Your goal: Using the data below, reproduce exactly the lines from the line with "コンテナタイプ プレハブ スーパーハウス/店舗/事務所/ガレージ/倉庫/自由組立式2.55m×4.44m×2.8m" to the line with "Naar verloop van", both included; pictures must be dropped.

Exercise inputs:
-.-.-

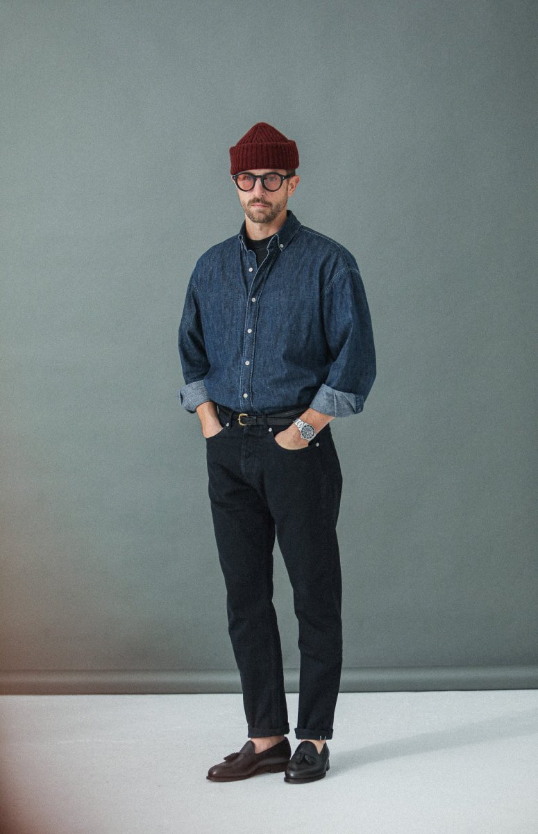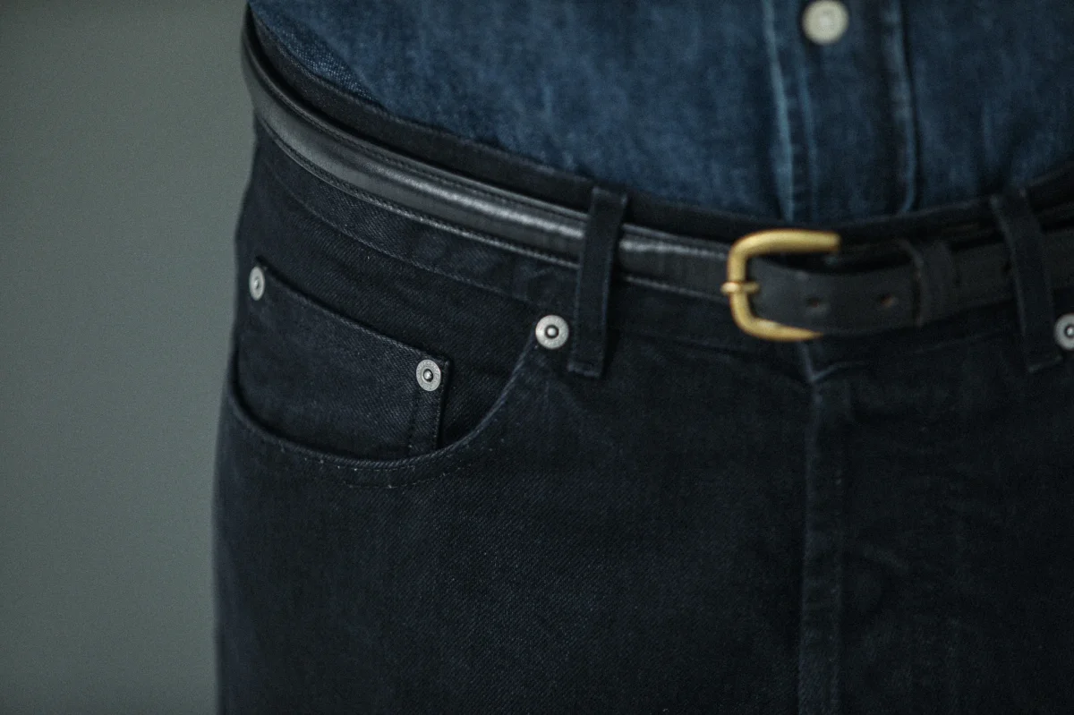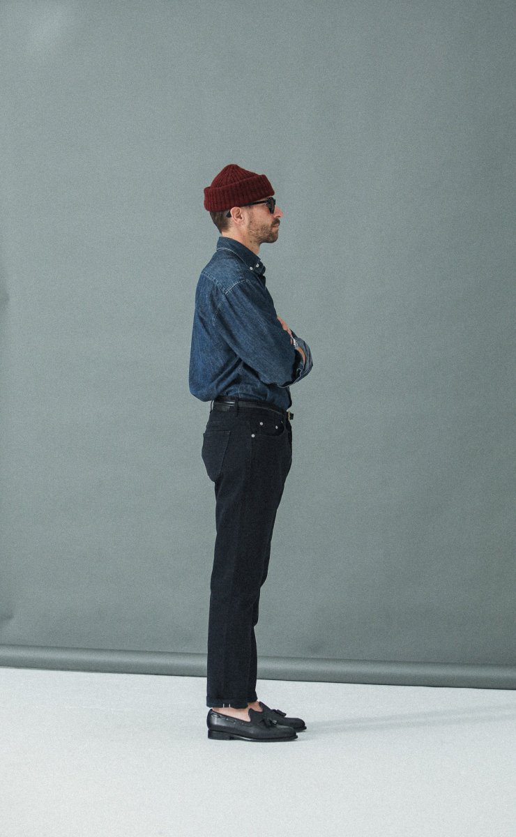 Nouveauté. Nous déclinons notre proposition de jeans dans une coupe « tapered », plus confortable. Ce jean est confectionné dans une très belle toile selvedge au noir profond.
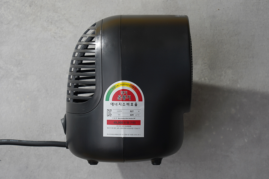 위쪽에는 소싱 웜베이비 미니 온풍기 시즌2를 사용할 때 과열이 되는 것을 방지하기 위해서 위쪽에 무언가를 덮어놓지 말라는 문구도 표시되어 있습니다. 사용할 때 주의해주어야 할 것 같습니다.
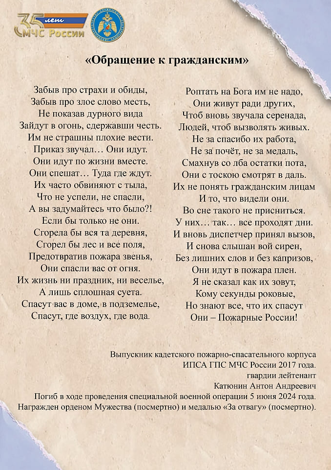 Продолжаем публиковать сборник авторских стихотворений Ивановской пожарно-спасательной академии ГПС МЧС России, посвященный 35-летию МЧС России.
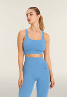 Medium support sports bra with removable moulded cups, ideal for daily training. The cut is designed to offer support and style: round neckline, regular shoulder straps crossed at the back, and side inserts in herringbone textured fabric. The nylon jersey fabric is breathable and durable.
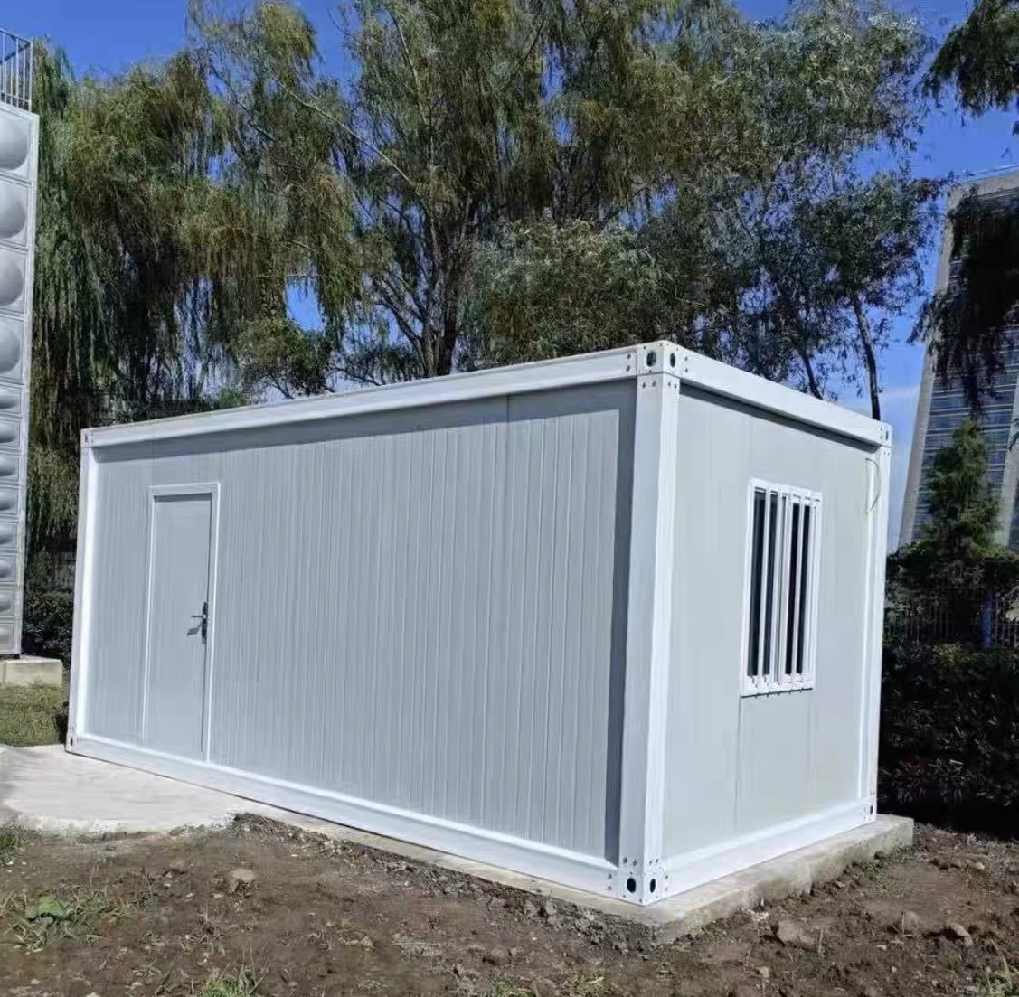コンテナタイプ プレハブ スーパーハウス/店舗/事務所/ガレージ/倉庫/自由組立式2.55m×4.44m×2.8m 窓2点、ドア1点 断熱材ロックウール板
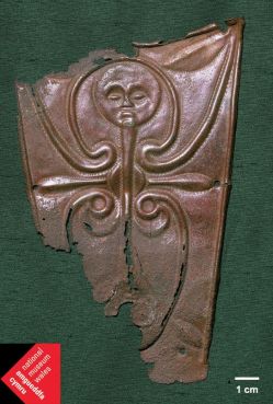 The two trapezoid plaques are remarkable and have few parallels anywhere in Britain.  They are both 6 inches long and 4.1 inches wide at the top and 2.3 inches wide at the base, framed with embossed moulding.  They are made of a thin copper and and zinc alloy with only faint traces of tin and contain hole for rivets.  They are decorated with opposed human heads, top and bottom, sharing a neck, resembling continental examples.  The function of the plaques remains unknown.
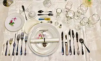 - dessertmes, dessertlepel, dessertvork (iets kleiner van formaat dan het vorige, dessertlepels zijn iets anders dan koffielepels en theelepels, want ze zijn groter);
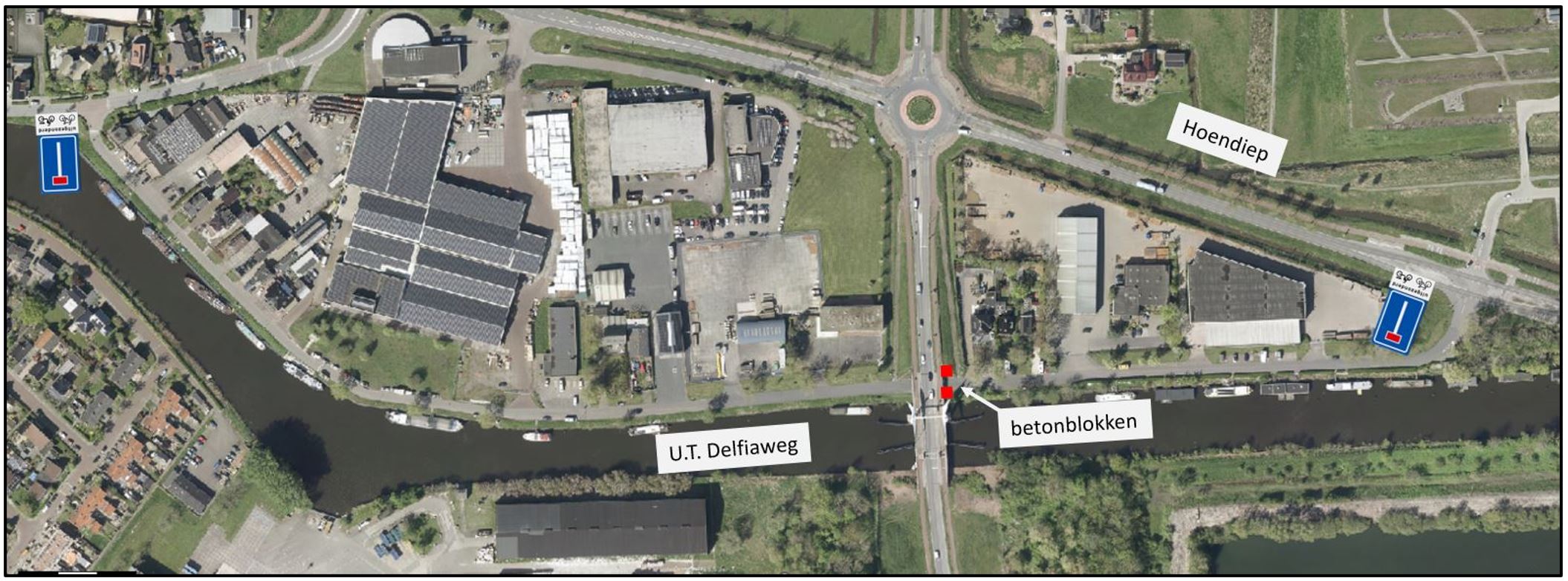 Naar verloop van de werkzaamheden aan de zuidelijke ringweg, heeft Aanpak Ring Zuid in april 2024 twee betonblokken geplaatst op de U.T. Delfiaweg ter hoogte van de Jan Altinkbrug. Dit om sluipverkeer van personenauto’s en motoren te voorkomen. Naar aanleiding van positieve berichten vanuit de buurt, heeft de gemeente Groningen deze situatie gemonitord om te onderzoeken of een permanente vorm van deze maatregel geschikt is voor de toekomst om eventueel doorgaand-/ sluipverkeer binnen de 30 km/u zone te beperken. Uit de monitoring is naar voren gekomen dat de verkeersveiligheid is verbeterd door een lagere snelheid en een lagere verkeersintensiteit. Vooral in de ochtend- en avondspits, maar ook s’ nachts, is de drukte afgenomen. Datagegevens wijzer erop dat de V85 (snelheidswaarde die door 85% van de automobilisten niet wordt overschreden) ten opzichte van een jaar geleden met ca. 5 km/u is afgenomen. Hiermee zijn de verkeersveiligheid en leefkwaliteit aan de U.T. Delfiaweg verbeterd. Voor de aan de U.T. Delfiaweg gevestigde bedrijven zorgt de afsluiting voor geen tot weinig hinder. Op basis van reacties op een gemeentelijke brief naar de direct aanwonenden en gevestigden is dit naar voren gekomen. Hieruit is eveneens naar voren gekomen dat een groot deel van de omwonenden positief staat tegenover het instellen van een permanente doodlopende U.T. Delfiaweg. De tijdelijke maatregel vanuit Aanpak Ring Zuid wordt middels dit verkeersbesluit permanent gemaakt.
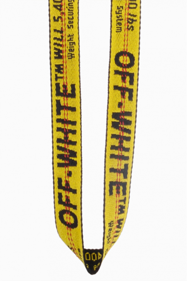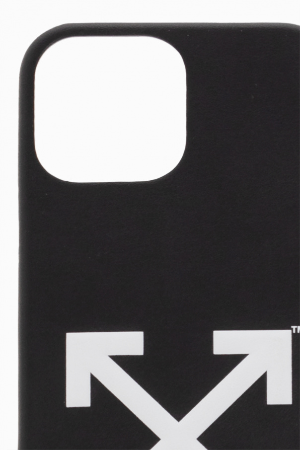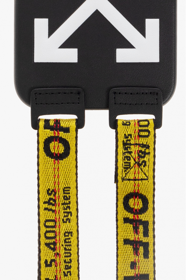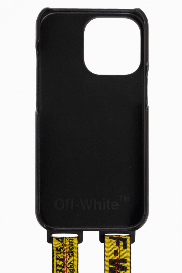 Black iPhone 13 Pro Max case from Off-White. Emblazoned with a tactile white logo at the back, this item features a yellow and black adjustable jacquard strap with the brand's logo and red stitching details.
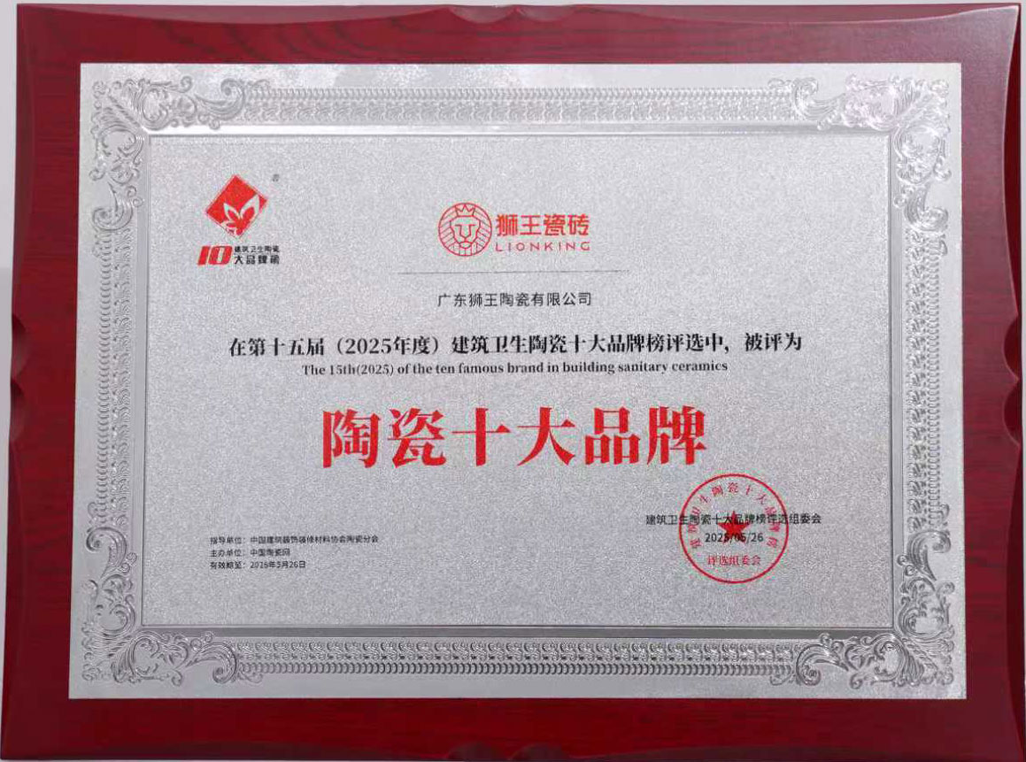 狮王瓷砖连续九届荣获陶瓷界至高荣誉“中国陶瓷十大品牌”

-.-.-

Your solution:
コンテナタイプ プレハブ スーパーハウス/店舗/事務所/ガレージ/倉庫/自由組立式2.55m×4.44m×2.8m 窓2点、ドア1点 断熱材ロックウール板
 The two trapezoid plaques are remarkable and have few parallels anywhere in Britain.  They are both 6 inches long and 4.1 inches wide at the top and 2.3 inches wide at the base, framed with embossed moulding.  They are made of a thin copper and and zinc alloy with only faint traces of tin and contain hole for rivets.  They are decorated with opposed human heads, top and bottom, sharing a neck, resembling continental examples.  The function of the plaques remains unknown.
 - dessertmes, dessertlepel, dessertvork (iets kleiner van formaat dan het vorige, dessertlepels zijn iets anders dan koffielepels en theelepels, want ze zijn groter);
 Naar verloop van de werkzaamheden aan de zuidelijke ringweg, heeft Aanpak Ring Zuid in april 2024 twee betonblokken geplaatst op de U.T. Delfiaweg ter hoogte van de Jan Altinkbrug. Dit om sluipverkeer van personenauto’s en motoren te voorkomen. Naar aanleiding van positieve berichten vanuit de buurt, heeft de gemeente Groningen deze situatie gemonitord om te onderzoeken of een permanente vorm van deze maatregel geschikt is voor de toekomst om eventueel doorgaand-/ sluipverkeer binnen de 30 km/u zone te beperken. Uit de monitoring is naar voren gekomen dat de verkeersveiligheid is verbeterd door een lagere snelheid en een lagere verkeersintensiteit. Vooral in de ochtend- en avondspits, maar ook s’ nachts, is de drukte afgenomen. Datagegevens wijzer erop dat de V85 (snelheidswaarde die door 85% van de automobilisten niet wordt overschreden) ten opzichte van een jaar geleden met ca. 5 km/u is afgenomen. Hiermee zijn de verkeersveiligheid en leefkwaliteit aan de U.T. Delfiaweg verbeterd. Voor de aan de U.T. Delfiaweg gevestigde bedrijven zorgt de afsluiting voor geen tot weinig hinder. Op basis van reacties op een gemeentelijke brief naar de direct aanwonenden en gevestigden is dit naar voren gekomen. Hieruit is eveneens naar voren gekomen dat een groot deel van de omwonenden positief staat tegenover het instellen van een permanente doodlopende U.T. Delfiaweg. De tijdelijke maatregel vanuit Aanpak Ring Zuid wordt middels dit verkeersbesluit permanent gemaakt.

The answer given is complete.